↓
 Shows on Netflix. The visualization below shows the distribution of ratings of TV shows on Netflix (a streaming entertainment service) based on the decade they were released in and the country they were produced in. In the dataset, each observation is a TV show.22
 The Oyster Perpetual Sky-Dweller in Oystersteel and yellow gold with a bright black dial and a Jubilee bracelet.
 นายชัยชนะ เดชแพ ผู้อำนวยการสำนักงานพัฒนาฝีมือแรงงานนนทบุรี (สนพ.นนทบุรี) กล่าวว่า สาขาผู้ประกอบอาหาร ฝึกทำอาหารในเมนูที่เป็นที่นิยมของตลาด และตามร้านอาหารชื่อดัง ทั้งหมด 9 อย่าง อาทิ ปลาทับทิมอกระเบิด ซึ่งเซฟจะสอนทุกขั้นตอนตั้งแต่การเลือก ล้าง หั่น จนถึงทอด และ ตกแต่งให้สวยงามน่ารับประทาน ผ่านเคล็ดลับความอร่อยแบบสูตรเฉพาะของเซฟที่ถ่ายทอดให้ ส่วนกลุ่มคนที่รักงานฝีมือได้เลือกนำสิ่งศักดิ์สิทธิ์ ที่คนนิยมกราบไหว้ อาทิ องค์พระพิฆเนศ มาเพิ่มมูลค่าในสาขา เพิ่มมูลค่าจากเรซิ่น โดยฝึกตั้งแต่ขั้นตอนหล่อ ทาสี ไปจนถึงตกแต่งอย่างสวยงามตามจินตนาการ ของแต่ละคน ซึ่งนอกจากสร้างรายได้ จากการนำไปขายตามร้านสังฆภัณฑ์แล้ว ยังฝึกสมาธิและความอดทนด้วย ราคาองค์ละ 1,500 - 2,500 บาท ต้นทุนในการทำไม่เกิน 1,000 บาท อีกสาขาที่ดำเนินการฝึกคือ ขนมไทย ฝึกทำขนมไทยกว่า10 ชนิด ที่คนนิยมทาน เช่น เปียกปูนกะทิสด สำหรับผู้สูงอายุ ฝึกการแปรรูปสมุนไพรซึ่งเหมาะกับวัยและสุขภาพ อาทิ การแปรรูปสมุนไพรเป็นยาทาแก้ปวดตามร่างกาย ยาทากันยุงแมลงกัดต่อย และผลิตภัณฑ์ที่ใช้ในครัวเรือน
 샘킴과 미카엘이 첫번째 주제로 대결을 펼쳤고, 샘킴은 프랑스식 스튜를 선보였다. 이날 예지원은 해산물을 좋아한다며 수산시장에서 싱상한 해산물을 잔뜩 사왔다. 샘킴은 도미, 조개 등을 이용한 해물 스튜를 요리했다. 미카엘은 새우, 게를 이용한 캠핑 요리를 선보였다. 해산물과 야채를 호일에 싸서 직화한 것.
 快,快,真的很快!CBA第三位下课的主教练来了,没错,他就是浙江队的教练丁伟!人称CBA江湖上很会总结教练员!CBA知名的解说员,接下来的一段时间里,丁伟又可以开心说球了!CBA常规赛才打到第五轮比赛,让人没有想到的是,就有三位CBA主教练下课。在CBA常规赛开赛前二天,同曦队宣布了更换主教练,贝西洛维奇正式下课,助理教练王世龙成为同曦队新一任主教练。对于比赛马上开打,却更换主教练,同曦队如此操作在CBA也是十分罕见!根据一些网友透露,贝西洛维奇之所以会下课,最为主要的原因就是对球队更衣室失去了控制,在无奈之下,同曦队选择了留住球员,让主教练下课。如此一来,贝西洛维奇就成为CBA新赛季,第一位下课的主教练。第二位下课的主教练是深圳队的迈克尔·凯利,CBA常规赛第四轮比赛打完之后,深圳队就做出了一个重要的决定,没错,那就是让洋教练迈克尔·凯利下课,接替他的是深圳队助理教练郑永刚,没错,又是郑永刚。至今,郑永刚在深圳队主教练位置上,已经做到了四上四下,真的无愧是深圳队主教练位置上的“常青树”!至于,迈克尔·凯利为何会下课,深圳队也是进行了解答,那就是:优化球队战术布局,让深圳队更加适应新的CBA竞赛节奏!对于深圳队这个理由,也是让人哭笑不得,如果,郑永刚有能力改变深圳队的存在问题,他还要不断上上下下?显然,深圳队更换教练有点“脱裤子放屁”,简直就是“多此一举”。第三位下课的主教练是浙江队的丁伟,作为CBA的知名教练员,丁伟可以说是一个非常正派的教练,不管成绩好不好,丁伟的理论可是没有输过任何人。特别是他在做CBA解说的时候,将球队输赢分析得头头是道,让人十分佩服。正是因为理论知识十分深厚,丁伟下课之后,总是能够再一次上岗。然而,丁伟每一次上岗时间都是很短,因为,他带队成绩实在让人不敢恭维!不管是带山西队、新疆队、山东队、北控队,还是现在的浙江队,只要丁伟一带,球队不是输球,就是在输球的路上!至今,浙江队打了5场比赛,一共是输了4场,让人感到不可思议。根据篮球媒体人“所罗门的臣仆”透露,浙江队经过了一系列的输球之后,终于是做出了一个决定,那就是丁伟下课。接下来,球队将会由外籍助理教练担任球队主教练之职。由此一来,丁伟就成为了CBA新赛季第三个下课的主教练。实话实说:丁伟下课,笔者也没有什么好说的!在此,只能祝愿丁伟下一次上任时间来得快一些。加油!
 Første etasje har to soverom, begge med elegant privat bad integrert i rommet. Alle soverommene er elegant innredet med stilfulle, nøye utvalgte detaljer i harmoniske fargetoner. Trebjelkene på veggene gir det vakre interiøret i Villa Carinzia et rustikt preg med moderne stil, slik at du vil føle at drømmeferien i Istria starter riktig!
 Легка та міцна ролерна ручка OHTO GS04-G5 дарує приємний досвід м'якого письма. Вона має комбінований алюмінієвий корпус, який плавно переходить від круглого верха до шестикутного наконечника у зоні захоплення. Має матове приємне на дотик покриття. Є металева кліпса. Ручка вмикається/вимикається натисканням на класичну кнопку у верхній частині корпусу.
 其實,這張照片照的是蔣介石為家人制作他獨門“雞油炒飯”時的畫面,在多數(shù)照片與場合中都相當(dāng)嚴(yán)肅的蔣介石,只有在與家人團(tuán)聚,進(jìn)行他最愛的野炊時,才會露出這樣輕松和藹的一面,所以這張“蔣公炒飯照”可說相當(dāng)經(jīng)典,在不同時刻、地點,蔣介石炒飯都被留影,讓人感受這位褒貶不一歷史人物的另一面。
↑
◆ Task prompt ◆
Return the records in full. Omit nothing.

◆ Completed exercise ◆
 Shows on Netflix. The visualization below shows the distribution of ratings of TV shows on Netflix (a streaming entertainment service) based on the decade they were released in and the country they were produced in. In the dataset, each observation is a TV show.22
 The Oyster Perpetual Sky-Dweller in Oystersteel and yellow gold with a bright black dial and a Jubilee bracelet.
 นายชัยชนะ เดชแพ ผู้อำนวยการสำนักงานพัฒนาฝีมือแรงงานนนทบุรี (สนพ.นนทบุรี) กล่าวว่า สาขาผู้ประกอบอาหาร ฝึกทำอาหารในเมนูที่เป็นที่นิยมของตลาด และตามร้านอาหารชื่อดัง ทั้งหมด 9 อย่าง อาทิ ปลาทับทิมอกระเบิด ซึ่งเซฟจะสอนทุกขั้นตอนตั้งแต่การเลือก ล้าง หั่น จนถึงทอด และ ตกแต่งให้สวยงามน่ารับประทาน ผ่านเคล็ดลับความอร่อยแบบสูตรเฉพาะของเซฟที่ถ่ายทอดให้ ส่วนกลุ่มคนที่รักงานฝีมือได้เลือกนำสิ่งศักดิ์สิทธิ์ ที่คนนิยมกราบไหว้ อาทิ องค์พระพิฆเนศ มาเพิ่มมูลค่าในสาขา เพิ่มมูลค่าจากเรซิ่น โดยฝึกตั้งแต่ขั้นตอนหล่อ ทาสี ไปจนถึงตกแต่งอย่างสวยงามตามจินตนาการ ของแต่ละคน ซึ่งนอกจากสร้างรายได้ จากการนำไปขายตามร้านสังฆภัณฑ์แล้ว ยังฝึกสมาธิและความอดทนด้วย ราคาองค์ละ 1,500 - 2,500 บาท ต้นทุนในการทำไม่เกิน 1,000 บาท อีกสาขาที่ดำเนินการฝึกคือ ขนมไทย ฝึกทำขนมไทยกว่า10 ชนิด ที่คนนิยมทาน เช่น เปียกปูนกะทิสด สำหรับผู้สูงอายุ ฝึกการแปรรูปสมุนไพรซึ่งเหมาะกับวัยและสุขภาพ อาทิ การแปรรูปสมุนไพรเป็นยาทาแก้ปวดตามร่างกาย ยาทากันยุงแมลงกัดต่อย และผลิตภัณฑ์ที่ใช้ในครัวเรือน
 샘킴과 미카엘이 첫번째 주제로 대결을 펼쳤고, 샘킴은 프랑스식 스튜를 선보였다. 이날 예지원은 해산물을 좋아한다며 수산시장에서 싱상한 해산물을 잔뜩 사왔다. 샘킴은 도미, 조개 등을 이용한 해물 스튜를 요리했다. 미카엘은 새우, 게를 이용한 캠핑 요리를 선보였다. 해산물과 야채를 호일에 싸서 직화한 것.
 快,快,真的很快!CBA第三位下课的主教练来了,没错,他就是浙江队的教练丁伟!人称CBA江湖上很会总结教练员!CBA知名的解说员,接下来的一段时间里,丁伟又可以开心说球了!CBA常规赛才打到第五轮比赛,让人没有想到的是,就有三位CBA主教练下课。在CBA常规赛开赛前二天,同曦队宣布了更换主教练,贝西洛维奇正式下课,助理教练王世龙成为同曦队新一任主教练。对于比赛马上开打,却更换主教练,同曦队如此操作在CBA也是十分罕见!根据一些网友透露,贝西洛维奇之所以会下课,最为主要的原因就是对球队更衣室失去了控制,在无奈之下,同曦队选择了留住球员,让主教练下课。如此一来,贝西洛维奇就成为CBA新赛季,第一位下课的主教练。第二位下课的主教练是深圳队的迈克尔·凯利,CBA常规赛第四轮比赛打完之后,深圳队就做出了一个重要的决定,没错,那就是让洋教练迈克尔·凯利下课,接替他的是深圳队助理教练郑永刚,没错,又是郑永刚。至今,郑永刚在深圳队主教练位置上,已经做到了四上四下,真的无愧是深圳队主教练位置上的“常青树”!至于,迈克尔·凯利为何会下课,深圳队也是进行了解答,那就是:优化球队战术布局,让深圳队更加适应新的CBA竞赛节奏!对于深圳队这个理由,也是让人哭笑不得,如果,郑永刚有能力改变深圳队的存在问题,他还要不断上上下下?显然,深圳队更换教练有点“脱裤子放屁”,简直就是“多此一举”。第三位下课的主教练是浙江队的丁伟,作为CBA的知名教练员,丁伟可以说是一个非常正派的教练,不管成绩好不好,丁伟的理论可是没有输过任何人。特别是他在做CBA解说的时候,将球队输赢分析得头头是道,让人十分佩服。正是因为理论知识十分深厚,丁伟下课之后,总是能够再一次上岗。然而,丁伟每一次上岗时间都是很短,因为,他带队成绩实在让人不敢恭维!不管是带山西队、新疆队、山东队、北控队,还是现在的浙江队,只要丁伟一带,球队不是输球,就是在输球的路上!至今,浙江队打了5场比赛,一共是输了4场,让人感到不可思议。根据篮球媒体人“所罗门的臣仆”透露,浙江队经过了一系列的输球之后,终于是做出了一个决定,那就是丁伟下课。接下来,球队将会由外籍助理教练担任球队主教练之职。由此一来,丁伟就成为了CBA新赛季第三个下课的主教练。实话实说:丁伟下课,笔者也没有什么好说的!在此,只能祝愿丁伟下一次上任时间来得快一些。加油!
 Første etasje har to soverom, begge med elegant privat bad integrert i rommet. Alle soverommene er elegant innredet med stilfulle, nøye utvalgte detaljer i harmoniske fargetoner. Trebjelkene på veggene gir det vakre interiøret i Villa Carinzia et rustikt preg med moderne stil, slik at du vil føle at drømmeferien i Istria starter riktig!
 Легка та міцна ролерна ручка OHTO GS04-G5 дарує приємний досвід м'якого письма. Вона має комбінований алюмінієвий корпус, який плавно переходить від круглого верха до шестикутного наконечника у зоні захоплення. Має матове приємне на дотик покриття. Є металева кліпса. Ручка вмикається/вимикається натисканням на класичну кнопку у верхній частині корпусу.
 其實,這張照片照的是蔣介石為家人制作他獨門“雞油炒飯”時的畫面,在多數(shù)照片與場合中都相當(dāng)嚴(yán)肅的蔣介石,只有在與家人團(tuán)聚,進(jìn)行他最愛的野炊時,才會露出這樣輕松和藹的一面,所以這張“蔣公炒飯照”可說相當(dāng)經(jīng)典,在不同時刻、地點,蔣介石炒飯都被留影,讓人感受這位褒貶不一歷史人物的另一面。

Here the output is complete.